Thursday, August 18, 2016

Distortions of Donald Trump's Acceptance Speech

On the Opinion page of the July 23 Albuquerque Journal, syndicated columnist Cal Thomas writes that Donald Trump's acceptance speech was too loud, and he declared that: "Modulation is the key to good public speaking." This is a welcome antidote for those who single out Hillary Clinton for shouting her speeches.

Besides agreeing with Thomas on Trump's speech being too loud and too long, I found Thomas's comments on the content of the speech to be wrong on almost every count. Thomas cites the latest Real Clear Politics data showing 69.3 percent of those polled believing that the United States is on the wrong track and adds that one has to go back to Jimmy Carter to see similar numbers. Wrong track polling has been done frequently during recent years and the results consistently show that about two-thirds of respondents say the nation is on the wrong track. One poll taken in 2015 added the question of whether more or less government is needed to get on the right track. The respondents split 50-50 on the question, meaning that the public didn't have  a clear remedy to offer.

Cal Thomas alluded to Trump promising to be a "law and order" president, with "specifics to come." Given that Donald Trump is notorious for not giving specifics for his policy proposals, it is unlikely that specifics will come. What Thomas did not say was that crime statistics, as measured by the FBI, have fallen significantly since the early 1990s and have continued to decline during President Obama's time in office. No president can end crime, or end it quickly, as Trump proposes to do.

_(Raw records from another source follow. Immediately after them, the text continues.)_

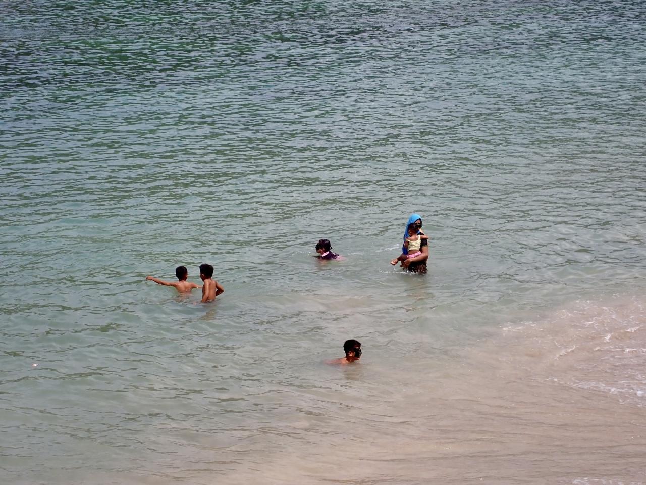 女性の人は頭を覆うヒジャブも付けて海に入っています。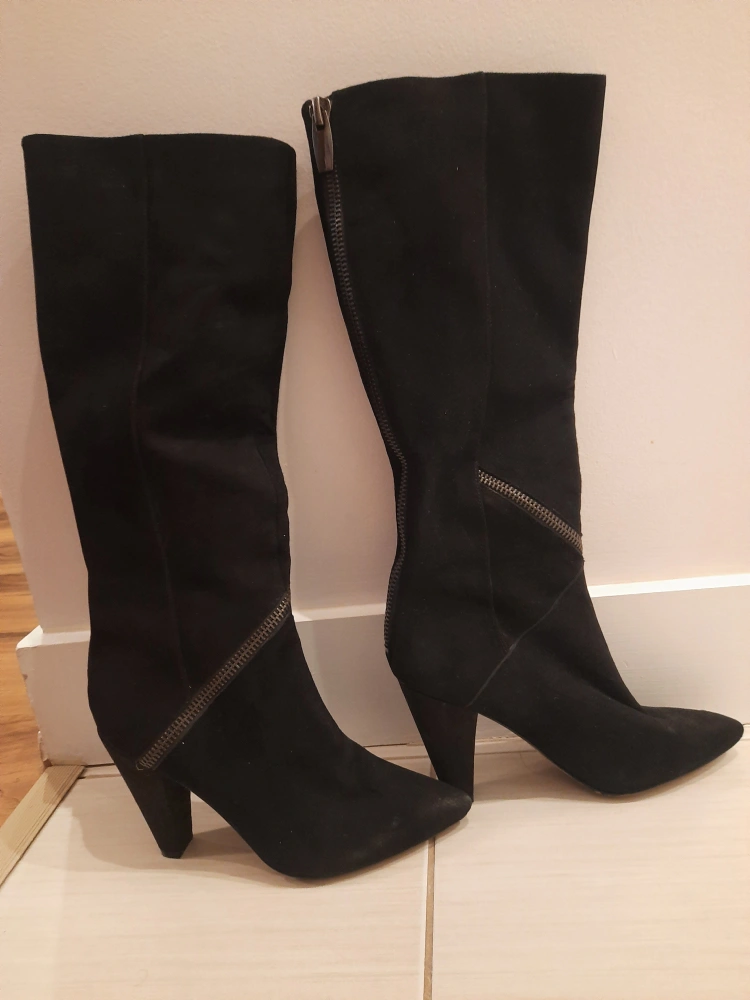 Beautiful black suede high heel boots in good condition, only worn a couple times.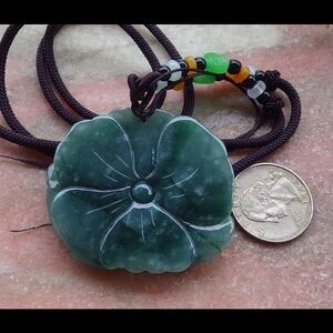 Beautiful green jade flower pendant. Intricate carving with a glossy finish.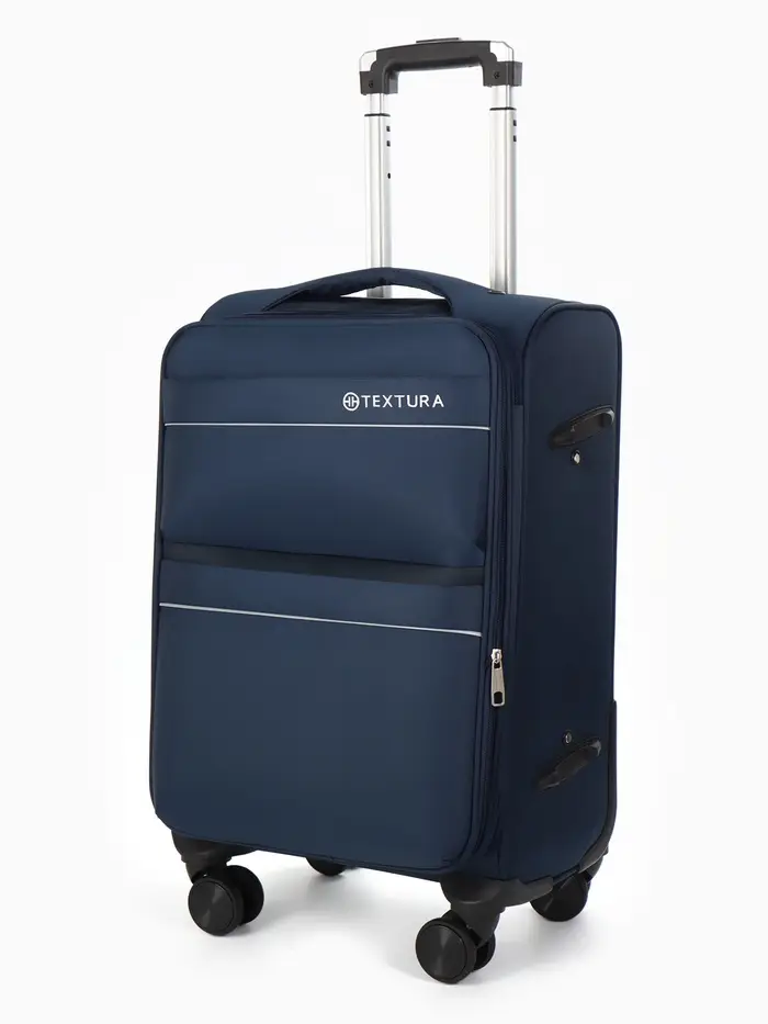 Чемодан 20",Текст,36*25*58,отд на молнии,2 нар/карм, увелич,код замок,4 колеса, синий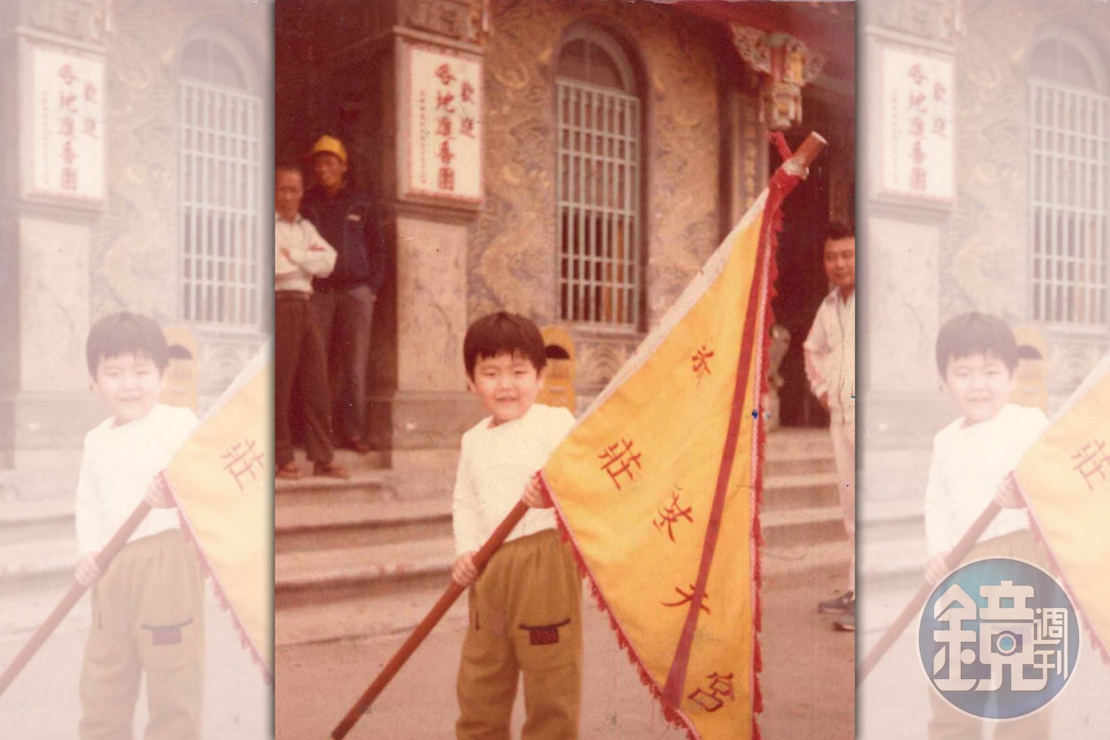 母親讓他給玄天上帝當乾兒子,幼稚園時,還曾1個人睡在宮廟的神壇下1、2個月,造就他與宮廟的不解之緣。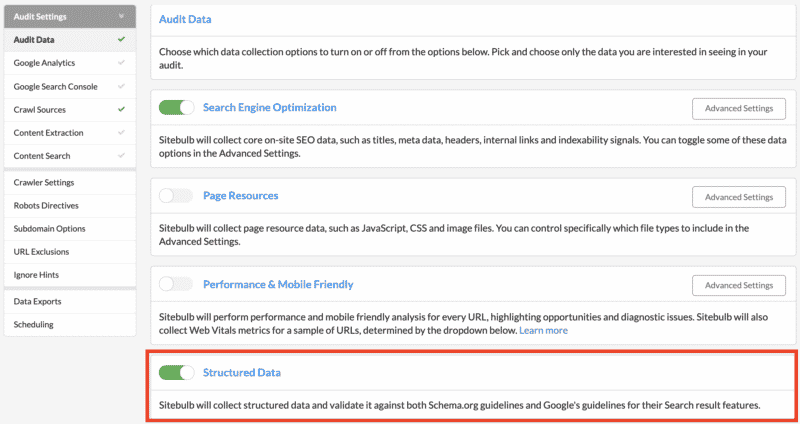 When starting your site crawl, ensure the Structured Data slider is selected in the audit data section. Select your other requirements and click Start Audit.
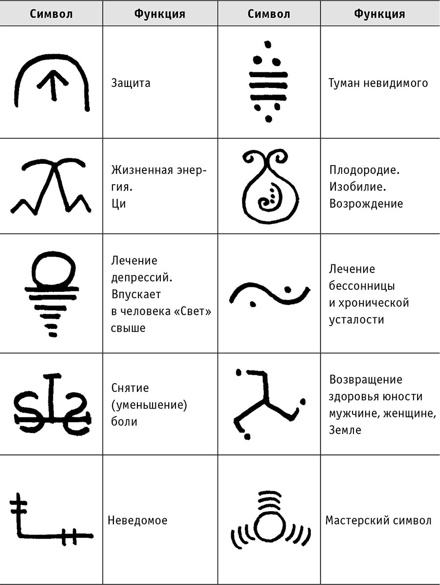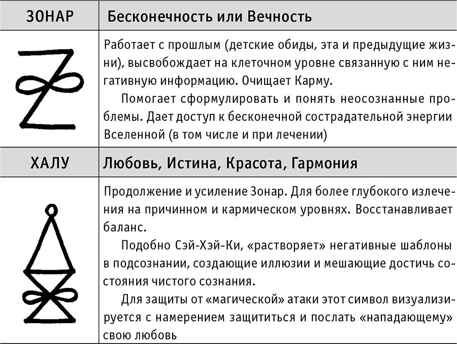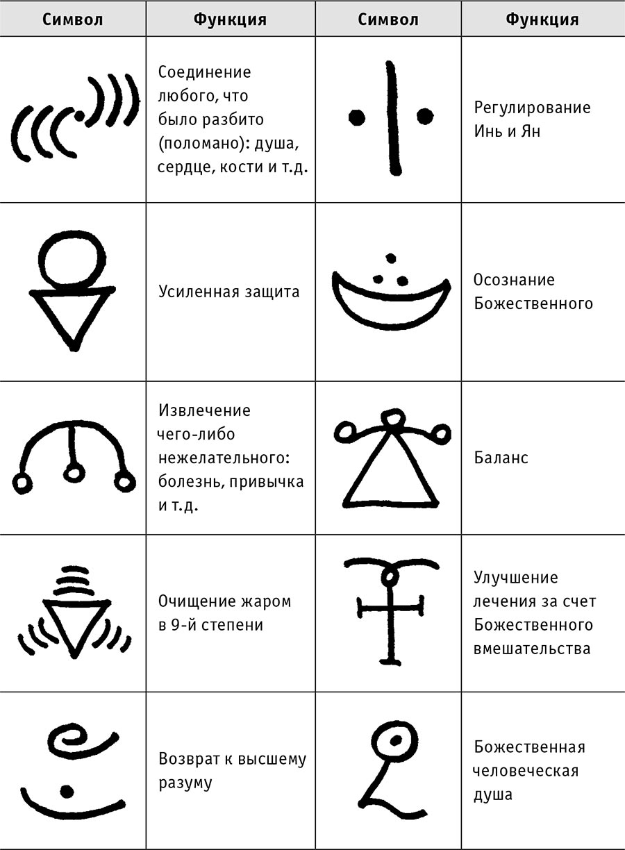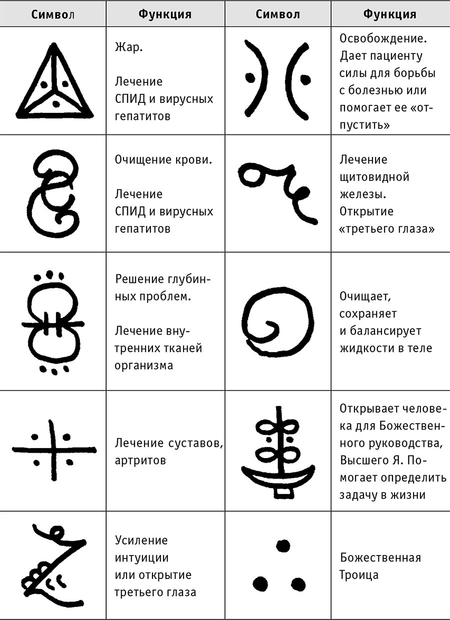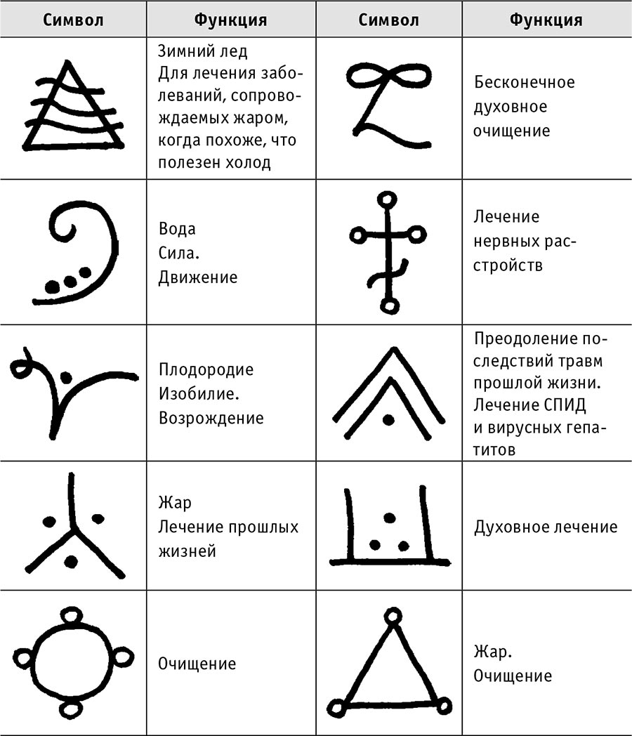 Во время лечения можно проговаривать мантру и использовать (по интуиции) символы Рэй-Ки, два символа, приведенных ниже.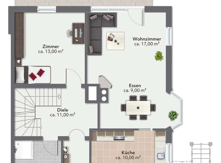 Im Erdgeschoss begrüßt Sie ein geräumiger Eingangsbereich mit genügend Platz für Garderobe und ähnliches. Unterteilt in Gäste-WC, sep. Küche, Speisekammer, einem Badezimmer, dem geräumigen Wohn bzw. Esszimmer sowie einem weiteren Zimmer haben Sie eine Vielzahl an Möglichkeiten für ein angenehmes Familienleben.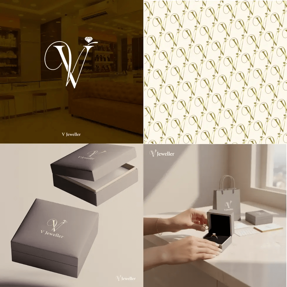 V Jeweller is a premium jewelry brand specializing in high-end, bespoke pieces. The goal of this project was to develop a brand identity that communicates luxury, heritage, and meticulous craftsmanship. By blending minimalist elegance with classic high-fashion cues, I created a visual language that positions V Jeweller as a prestigious destination for fine jewelry.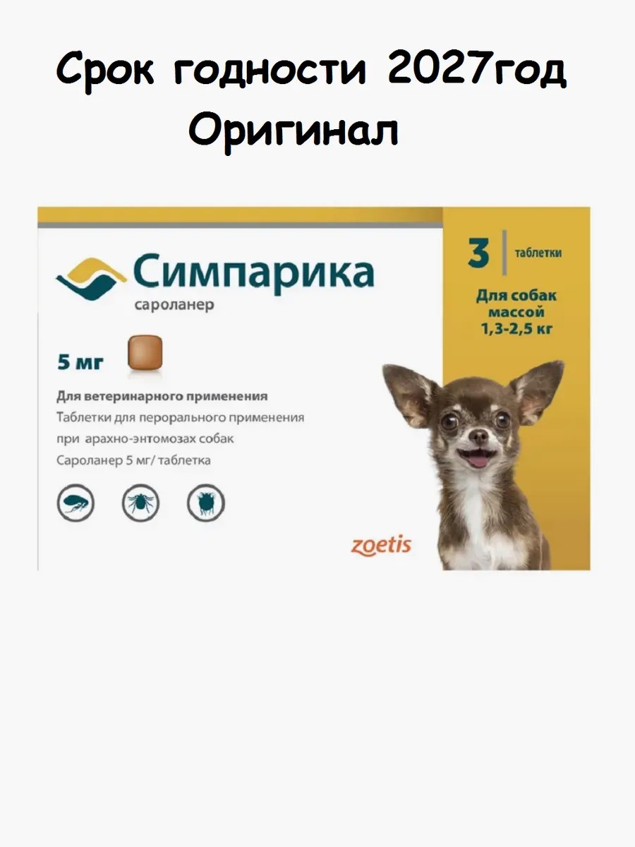 Zoetis Симпарика 5мг от блох и клещей для собак 1,3-2,5кг 3таблетки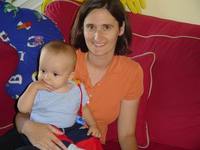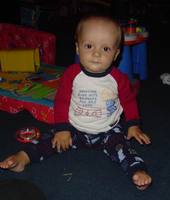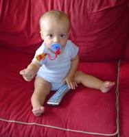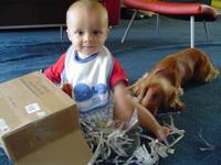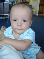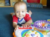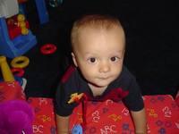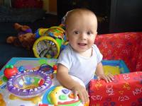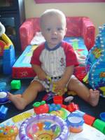 Robbie turned 8 months a few days ago. He doesn't fit into a lot of his size 6-9 month clothes anymore so we've had to buy some 12 month clothes. My little boy is growing so quickly! He's almost out of the baby clothes and into the toddler sizes. He's crawling forward now, but only does it if he really wants to reach something like a doggie toy or another forbiden object. He's mostly working on trying to stand up. He grabs onto anything near him and uses it to lift himself into a standing position. He can stand for a little while holding onto something.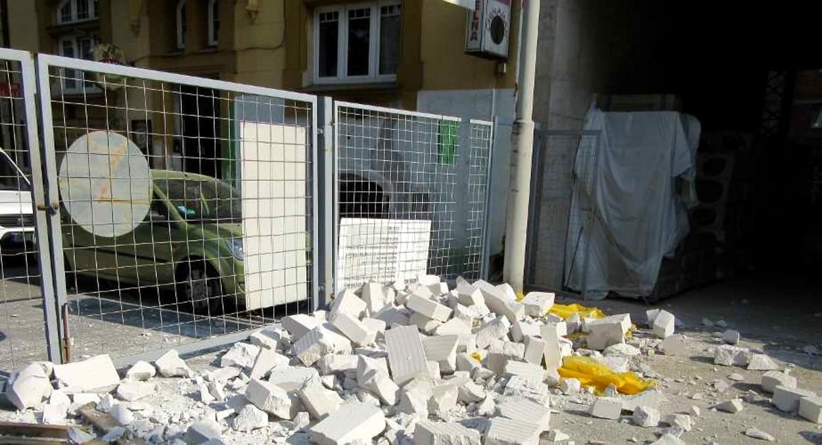 Dnes ráno po osmé hodině došlo v Plzni na stavbě projektu Zlatá Belánka k pádu celého nákladu pórobetonových tvárnic přenášených jeřábem. Tvárnice se vysypaly z více než dvacetimetrové výšky do Zámečnické ulice, kde naštěstí odletující kusy poškodily pouze vozidlo, ale nezasáhly žádného člověka.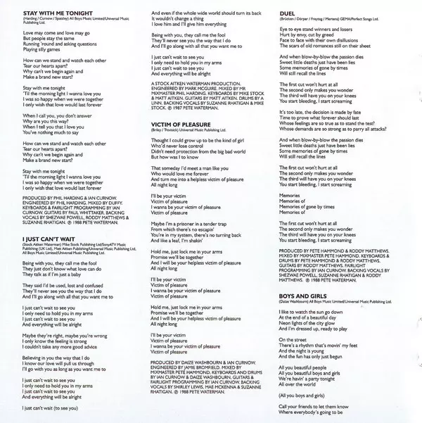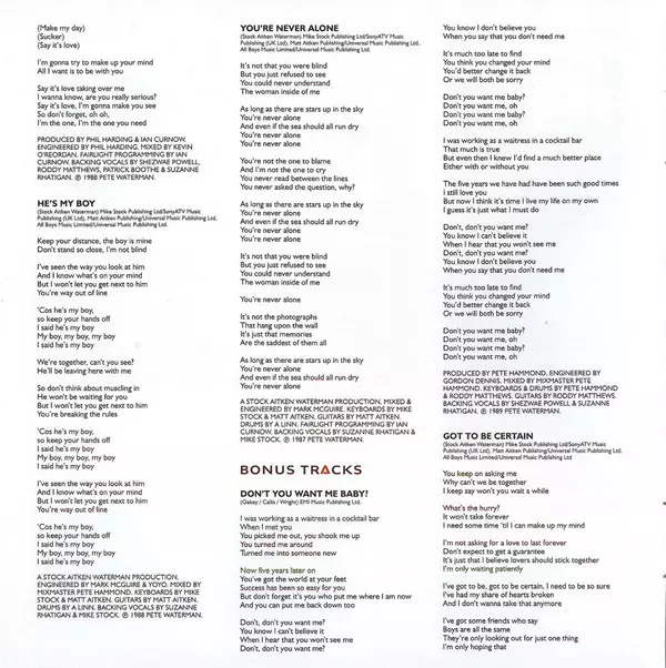 Backing Vocals Mike Stock, Suzanne Rhatigan | Drums A. Linn | Guitar Matt Aitken | Keyboards Stock/Aitken | Mixed By, Engineer Mark McGuire | Producer, Written-By Stock, Aitken & Waterman | Programmed By [Fairlight Programming] Ian Curnow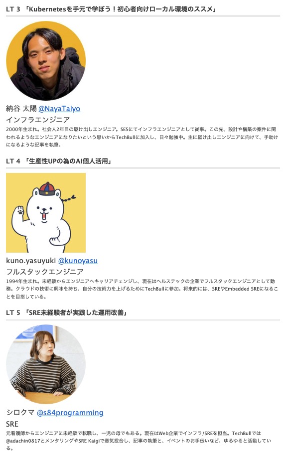 今回のLTイベントは、TechBull運営メンバーが登壇となります。以下のような方々に特におすすめです。

Donald Trump's proposals to torture "beyond" waterboarding; allow soldiers to commit war crimes; and his encouragement of violence against protesters are not attributes of a "law and order"president.

Thomas claims "Poor children are trapped in failing public schools and Democrats won't let them escape." It is no deep, dark secret that Republicans have pushed school vouchers because they want to weaken teachers' unions.

When Thomas speaks of blue-collar workers who "haven't had a significant pay raise in years," he fails to mention that Trump wants to leave the minimum wage issue to the states and Trump is a strong foe of labor unions -- two avenues of increasing worker pay.

It is when Donald Trump said: "Only I can fix it." that movement conservatives should have started shaking in their boots. Trump rules out any role for Congress in fixing what he views as a nation falling apart. Republicans have been fierce in their condemnation of President Obama legislating from the White House, yet Trump's "go it alone" course will make Obama look like a "wet-behind-the-ears" amateur. A key tenet of movement conservatives is that the smaller and weaker the government is, the better, while Trump is saying that government will remedy all of America's problems by himself.